Lulu singles chronology
| "I Could Never Miss You (More Than I Do)" (1981) | "Independence" (1993) | "Relight My Fire" (1993) |

Music video
- "Independence" on YouTube

= Independence (song) =

"Independence" is a song recorded by Scottish singer and songwriter Lulu. It was released in 1993, by Dome, Parlophone and SBK Records, as the first single from her eleventh album by the same name (1993), and was by many seen as the singer's comeback, after not releasing new material since 1982. The song was written by Leon Ware and Winston Sela, and produced by Cary Baylis, Eliot Kennedy and Mike Ward. It became a hit in both Europe and the US, peaking at number 11 on the UK Singles Chart, number 34 on the Eurochart Hot 100 and number three on the US Billboard Hot Dance Club Play chart. The song received remixes by Brothers In Rhythm, C.J. Mackintosh and Tony Humphries, and a music video was also produced to promote the single.

==Critical reception==
Jose F. Promis from AllMusic described the song as "housey and anthem-like", adding that it stands as "one of the better dance-pop songs of the decade." Larry Flick from Billboard magazine named it a "delicious pop/house anthem", noting that "she offers an assured vocal amid rousing mixes that will slam during mainstream peak-hour sets." He also stated that Lulu is in "excellent voice on a disco-minded house jam. Anthemic tune has a sing-along chorus that will stick in the heads of club and radio folks upon impact.
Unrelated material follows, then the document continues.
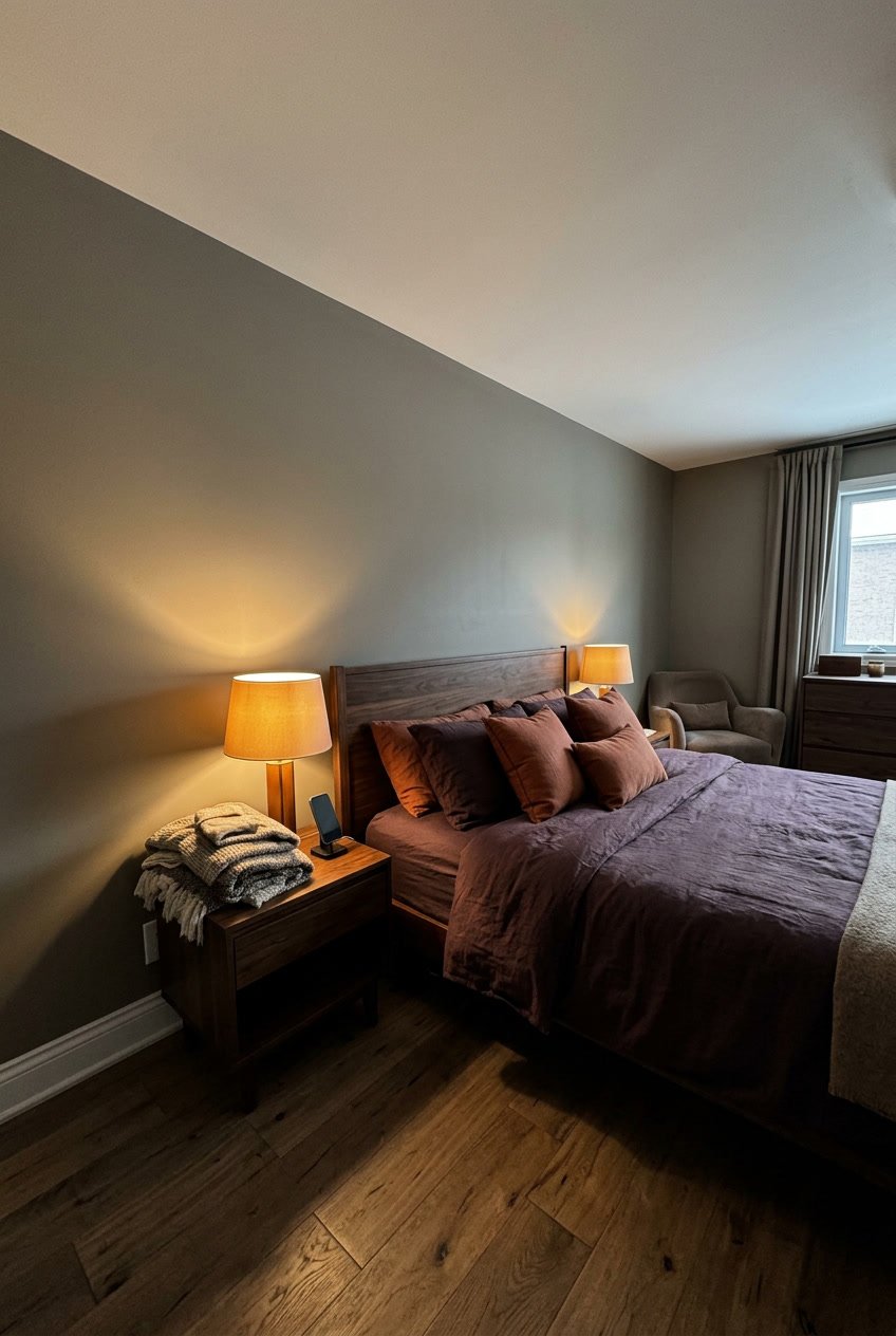 A single accent wall behind your bed also works if you’re hesitant about full-room coverage. This approach gives you the grounded feel of Anonymous while keeping the space lighter overall. Add textured throws and linen curtains to complete the warm, layered look.
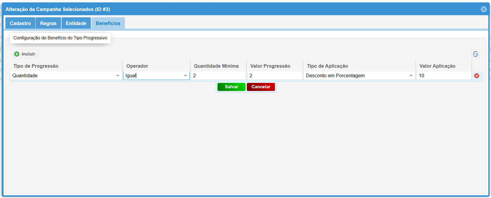 Esse documento visa criar um passo a passo sobre a criação de uma campanha do Tipo de Benefício "Progessivo".

Could be the first step in Lulu's carefully planned return to pop prominence." John Carmen from Cash Box said it's "one of those semi-liberated kinda anthems that the Brits eat up from their female pop stars." A reviewer from Liverpool Echo wrote, "A surprising comeback, this is Lulu's first new single in ten years and as usual she is keeping up with the trends. The record is typically bouncy, the voice as distinctively husky as ever, and the production today's version of disco."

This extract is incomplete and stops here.